*DATASET EXTRACT*:
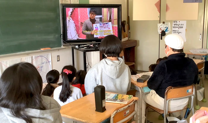 「あなせん・デジタル紙芝居」は3年目。新型コロナへの警戒の仕方が少しずつ変わっていく中、子どもたちの席の間からアクリル板が消え、互いの心の距離が少しだけ近くなりました。大きなテレビモニタとマイクを前に、アニメのアテレコさながらの「声優体験」で、
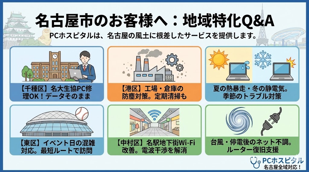 - 工場・倉庫エリア:港区や南区などの工業地域では、粉塵や湿気の影響でPCトラブルが起きやすい傾向があります。こまめなバックアップを推奨します。
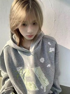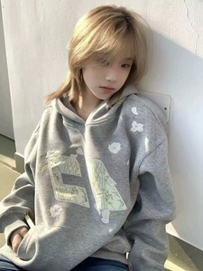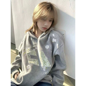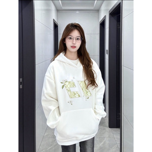 纯棉美式连帽刺绣卫衣秋冬新款重磅国潮慵懒复古外套加绒贴布上衣

*EXERCISE*:
Print the listing word for word but skip its pictures.

*OUTPUT OF THE EXERCISE*:
 「あなせん・デジタル紙芝居」は3年目。新型コロナへの警戒の仕方が少しずつ変わっていく中、子どもたちの席の間からアクリル板が消え、互いの心の距離が少しだけ近くなりました。大きなテレビモニタとマイクを前に、アニメのアテレコさながらの「声優体験」で、
 - 工場・倉庫エリア:港区や南区などの工業地域では、粉塵や湿気の影響でPCトラブルが起きやすい傾向があります。こまめなバックアップを推奨します。
 纯棉美式连帽刺绣卫衣秋冬新款重磅国潮慵懒复古外套加绒贴布上衣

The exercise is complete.